I'm used to making birthday cakes for other people, so when it came to my own birthday, it seemed natural that I'd be making it too (a friend told me he was too intimidated to make me a cake, hah.) I ended up making two joint birthday cakes. One was a joint birthday cake with my sister, and the other one with a friend at work.
(Incidentally, does it seem like you know a lot of people whose birthdays are close to yours, or it just me?)
The first birthday cake was a tiramisu cake because my sister adores tiramisu. The recipe comes from Dorie Greenspan's
Baking: From My Home to Yours. The recipe is fairly straight forward: soak two disks of gorgeous yellow cake in coffee syrup, sandwich with mascarpone cream and chopped chocolate, and top with espresso-flavored whipped cream.

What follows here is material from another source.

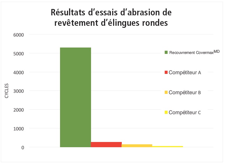 Les élingues rondes Twin-Pathᴹᴰ sont munies d’un revêtement Covermaxᴹᴰ. Le revêtement Covermaxᴹᴰ est composé d’un matériel de nylon industriel robuste à double épaisseur. Le revêtement extérieur est vert et le revêtement intérieur est rouge. Si les dommages à la couche verte permettent de voir du rouge, l’élingue doit être retournée à des fins d’inspection et de réparation en usine. Ce revêtement a été testé pour offrir la meilleure protection contre les rayons ultraviolets (UV) et l’abrasion de toute élingue de levage synthétique offerte sur le marché.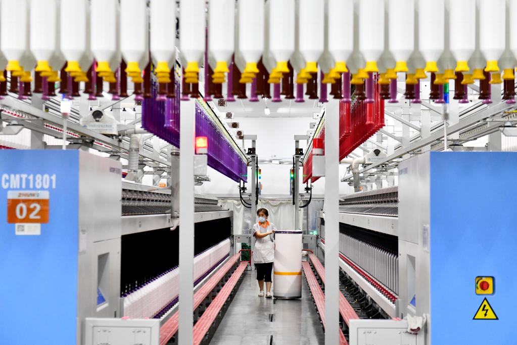 7月15日,江苏省海安市南莫镇一家纺织公司生产车间内,工人在生产线上工作。(新华社发,翟慧勇摄)

Making the cake was interesting, especially as I had to bring half of my baking equipment across the border to Canada. It's a good thing I didn't fly, because I don't think security would be too happy with my Le Cordon Bleu knife set...
There was also some pressure since this was the first time my parents have seen me bake, aside from the simple sponge cakes I made in high school (and the fantastically disastrous attempt at Cantonese egg tarts in seventh grade, but that's a story for another time). My cousin was visiting from Victoria, so I had quite an audience watching me decorate the cake.
I used the polka-dot stencil pattern from Ikea (I'm a fan of
stencil patterns). The bottle of chocolate-covered coffee beans I got from a friend's company launch party also came in handy.
The cake came out pretty well. The yellow cake recipe is great, although I would have used more soaking syrup (and more alcohol!). The key take-away from the experience, however, is that espresso-flavored whipped cream is seriously addictive, even when it's made with espresso powder.